Gold prices edged lower on Monday amid expectations of a likely drop in demand for the commodity from Turkey, and on fairly steady stock markets.
The dollar’s slide after a firm display early on in the day, limited gold’s downside.
The dollar index, which was up in positive territory in the Asian session, retreated subsequently and was last seen at 91.72, down 0.22% from previous close.
Gold futures for April ended down $3.60 or about 0.2% at $1,738.10 an ounce, recovering from a low of $1,726.40 an ounce.
Silver futures for May closed lower by $0.552 at $25.769 an ounce, while Copper futures for May settled at $4.1395 per pound, gaining $0.0265.
The dollar was near a four-month high against the Lira after Turkish President Recep Tayyip Erdogan ousted central bank Chief Naci Agbal for hiking interest rate to contain double-digit inflation.
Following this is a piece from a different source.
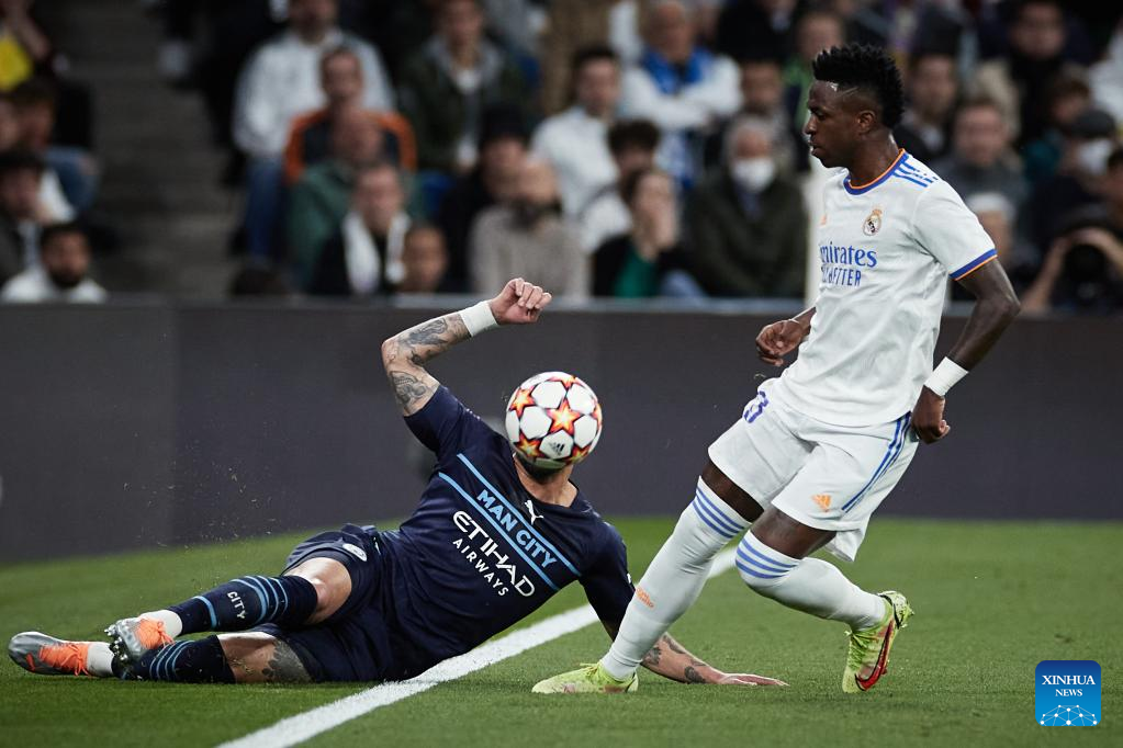 Real Madrid's Vinicius Junior (R) vies with Manchester City's Kyle Walker during the UEFA Champions League semifinal second leg football match between Real Madrid of Spain and Manchester City of England in Madrid, Spain, May 4, 2022. (Xinhua/Meng Dingbo)

The move came two days after the Central Bank of the Republic of Turkey hiked its benchmark policy rate by 200 basis points to 19 percent to tame its high inflation rate.
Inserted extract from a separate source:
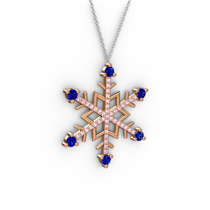 Lab safir ve pembe kuvars 14 ayar rose altın kolye (40 cm beyaz altın rolo zincir)

In a statement on Sunday, the central bank said it “will continue to use the monetary policy tools effectively in line with its main objective of achieving a permanent fall in inflation”.
In U.S. economic news, a report released by the National Association of Realtors said existing home sales in the U.S. tumbled by much more than expected in the month of February, plunging by 6.6% to an annual rate of 6.22 million, after inching up by 0.2% to a downwardly revised rate of 6.66 million in January.
Economists had expected existing home sales to slump by 3% to a rate of 6.49 million from the 6.69 million originally reported for the previous month.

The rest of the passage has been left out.